• [Collected material]:

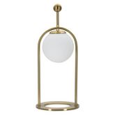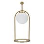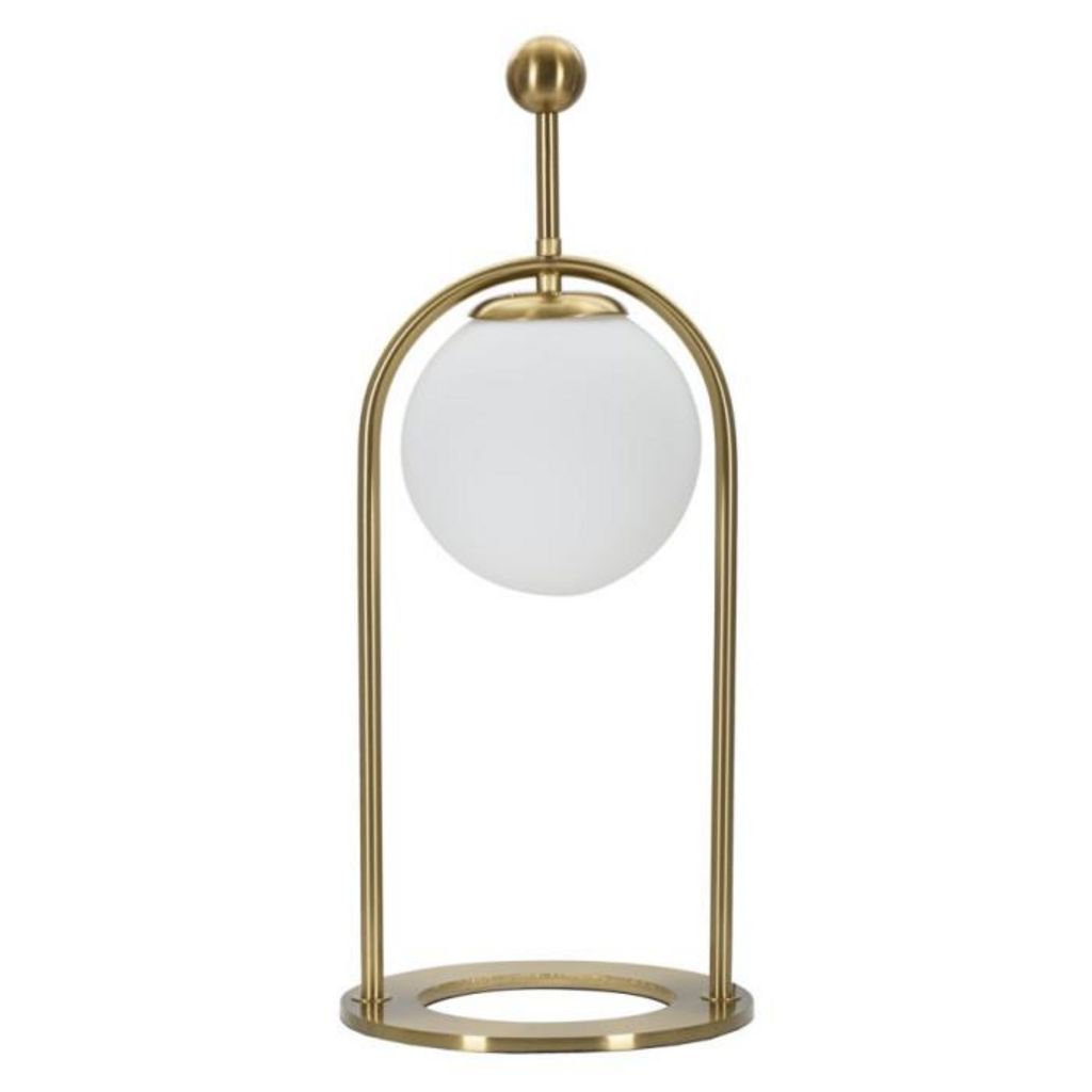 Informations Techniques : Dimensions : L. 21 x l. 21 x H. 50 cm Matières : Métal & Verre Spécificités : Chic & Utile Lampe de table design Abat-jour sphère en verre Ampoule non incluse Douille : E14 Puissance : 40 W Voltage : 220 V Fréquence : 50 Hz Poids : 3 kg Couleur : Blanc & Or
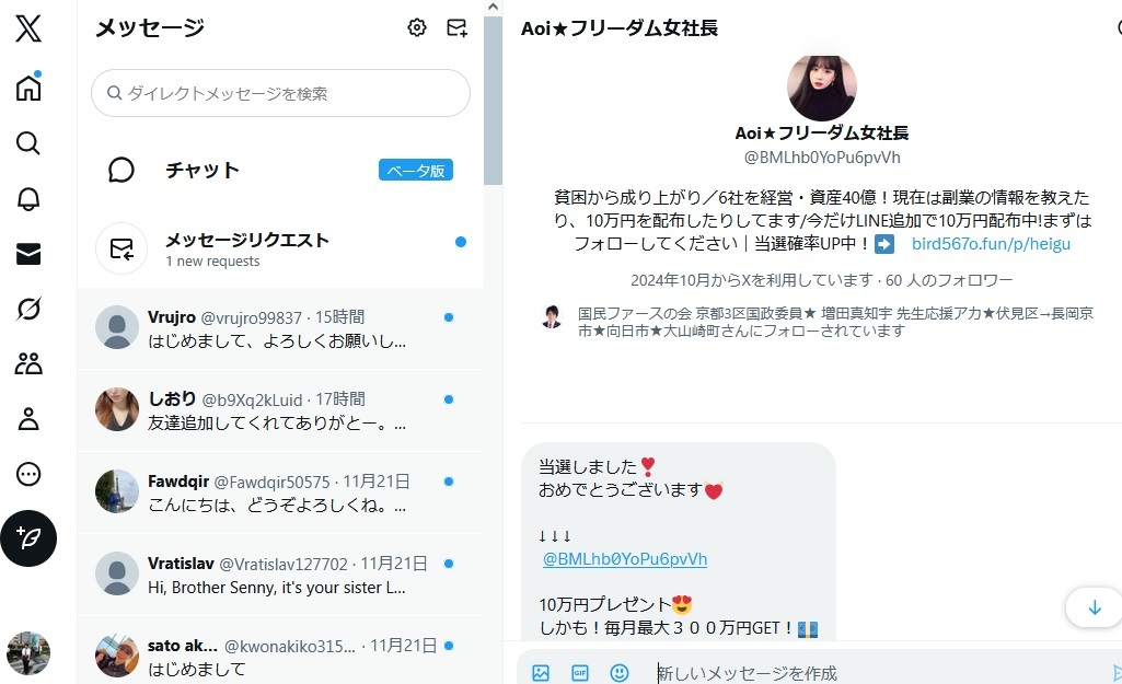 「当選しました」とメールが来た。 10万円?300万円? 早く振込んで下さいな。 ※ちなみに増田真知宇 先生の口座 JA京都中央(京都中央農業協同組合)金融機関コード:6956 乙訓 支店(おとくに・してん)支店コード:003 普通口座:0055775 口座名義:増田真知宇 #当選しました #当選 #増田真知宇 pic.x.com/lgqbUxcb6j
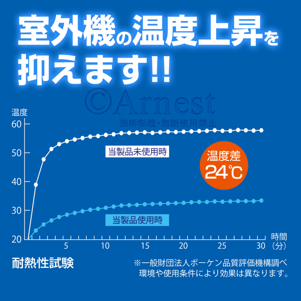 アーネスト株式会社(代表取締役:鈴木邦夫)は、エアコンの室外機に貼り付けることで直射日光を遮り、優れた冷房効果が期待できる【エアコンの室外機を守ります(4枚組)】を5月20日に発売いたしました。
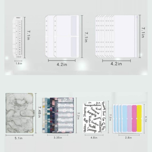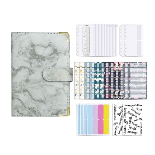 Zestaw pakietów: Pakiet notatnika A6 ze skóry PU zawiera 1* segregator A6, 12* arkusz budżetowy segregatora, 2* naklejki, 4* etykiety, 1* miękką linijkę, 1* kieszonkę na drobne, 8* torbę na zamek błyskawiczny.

• [Your task]: Everything in the material except the pictures should be output verbatim.

• [Answer to this problem]:
 Informations Techniques : Dimensions : L. 21 x l. 21 x H. 50 cm Matières : Métal & Verre Spécificités : Chic & Utile Lampe de table design Abat-jour sphère en verre Ampoule non incluse Douille : E14 Puissance : 40 W Voltage : 220 V Fréquence : 50 Hz Poids : 3 kg Couleur : Blanc & Or
 「当選しました」とメールが来た。 10万円?300万円? 早く振込んで下さいな。 ※ちなみに増田真知宇 先生の口座 JA京都中央(京都中央農業協同組合)金融機関コード:6956 乙訓 支店(おとくに・してん)支店コード:003 普通口座:0055775 口座名義:増田真知宇 #当選しました #当選 #増田真知宇 pic.x.com/lgqbUxcb6j
 アーネスト株式会社(代表取締役:鈴木邦夫)は、エアコンの室外機に貼り付けることで直射日光を遮り、優れた冷房効果が期待できる【エアコンの室外機を守ります(4枚組)】を5月20日に発売いたしました。
 Zestaw pakietów: Pakiet notatnika A6 ze skóry PU zawiera 1* segregator A6, 12* arkusz budżetowy segregatora, 2* naklejki, 4* etykiety, 1* miękką linijkę, 1* kieszonkę na drobne, 8* torbę na zamek błyskawiczny.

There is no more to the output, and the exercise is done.